+++ WORKING DATA +++

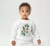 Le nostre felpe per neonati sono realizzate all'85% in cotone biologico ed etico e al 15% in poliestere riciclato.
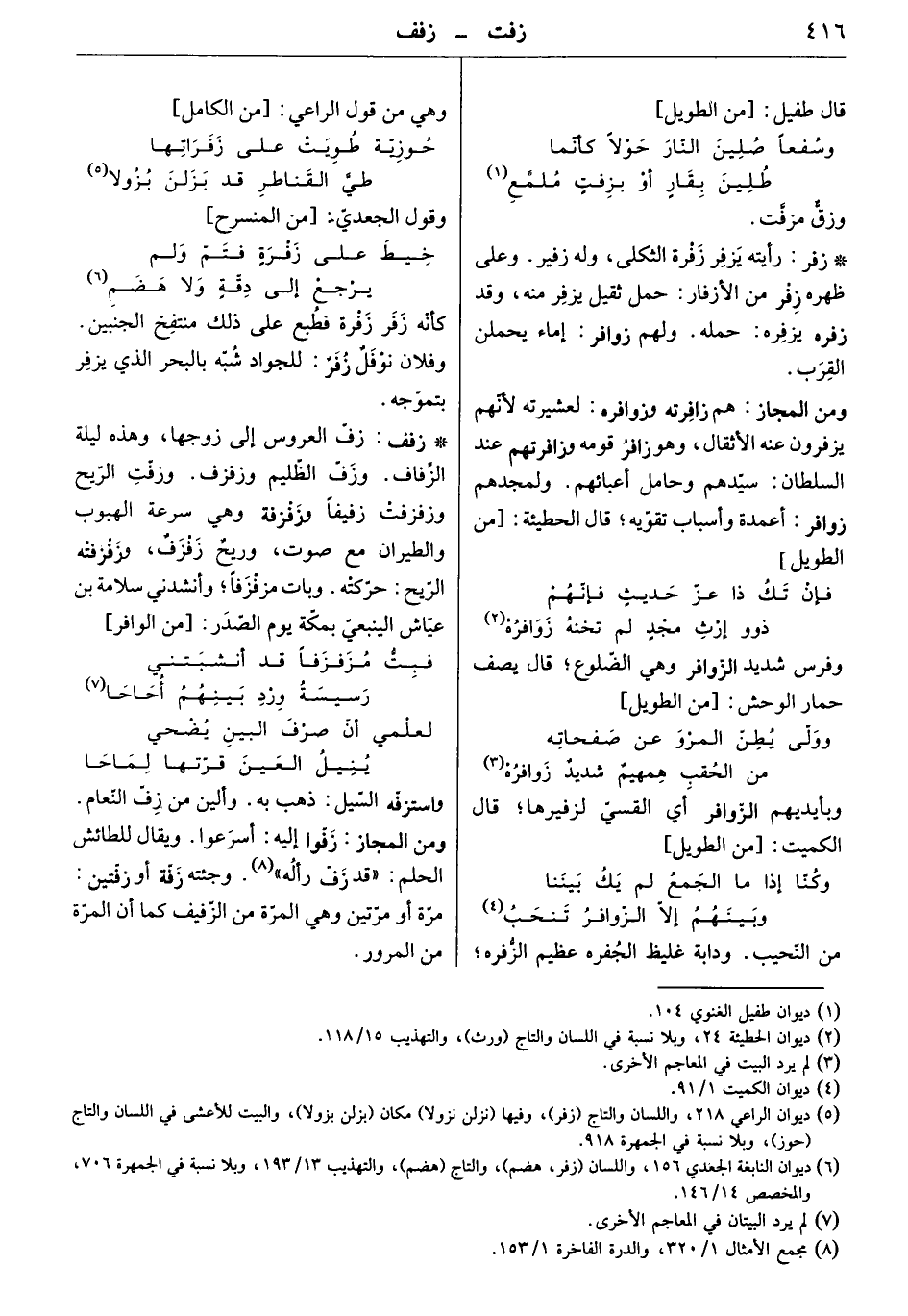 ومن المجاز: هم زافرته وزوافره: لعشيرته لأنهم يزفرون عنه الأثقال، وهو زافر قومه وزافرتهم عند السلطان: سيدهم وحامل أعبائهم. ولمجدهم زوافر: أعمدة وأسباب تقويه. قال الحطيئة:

+++
+++ WORKING DATA +++

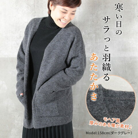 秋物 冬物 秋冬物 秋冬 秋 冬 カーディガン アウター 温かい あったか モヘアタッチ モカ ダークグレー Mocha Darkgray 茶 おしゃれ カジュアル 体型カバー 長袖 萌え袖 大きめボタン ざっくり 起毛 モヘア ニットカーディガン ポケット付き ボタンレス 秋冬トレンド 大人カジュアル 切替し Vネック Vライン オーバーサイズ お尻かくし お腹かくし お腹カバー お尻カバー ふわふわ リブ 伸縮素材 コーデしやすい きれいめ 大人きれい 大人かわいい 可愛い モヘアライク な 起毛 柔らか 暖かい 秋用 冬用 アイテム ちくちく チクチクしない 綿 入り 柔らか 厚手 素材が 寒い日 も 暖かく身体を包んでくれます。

+++
+++ WORKING DATA +++

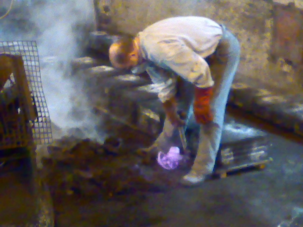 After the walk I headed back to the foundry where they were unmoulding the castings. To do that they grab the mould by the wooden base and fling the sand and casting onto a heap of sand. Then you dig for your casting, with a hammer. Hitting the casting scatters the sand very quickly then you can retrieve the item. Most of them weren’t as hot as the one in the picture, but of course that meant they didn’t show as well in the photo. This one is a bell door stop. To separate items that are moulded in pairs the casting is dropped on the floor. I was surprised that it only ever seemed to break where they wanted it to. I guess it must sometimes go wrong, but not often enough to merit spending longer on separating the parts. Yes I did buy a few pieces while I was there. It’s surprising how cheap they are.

+++

TO DO >>
Using the material above, transcribe exactly the lines from the one holding "Le nostre felpe" to the one holding "ومن المجاز: هم", both ends kept. Do not carry over any pictures.

YOUR RESPONSE >>
 Le nostre felpe per neonati sono realizzate all'85% in cotone biologico ed etico e al 15% in poliestere riciclato.
 ومن المجاز: هم زافرته وزوافره: لعشيرته لأنهم يزفرون عنه الأثقال، وهو زافر قومه وزافرتهم عند السلطان: سيدهم وحامل أعبائهم. ولمجدهم زوافر: أعمدة وأسباب تقويه. قال الحطيئة:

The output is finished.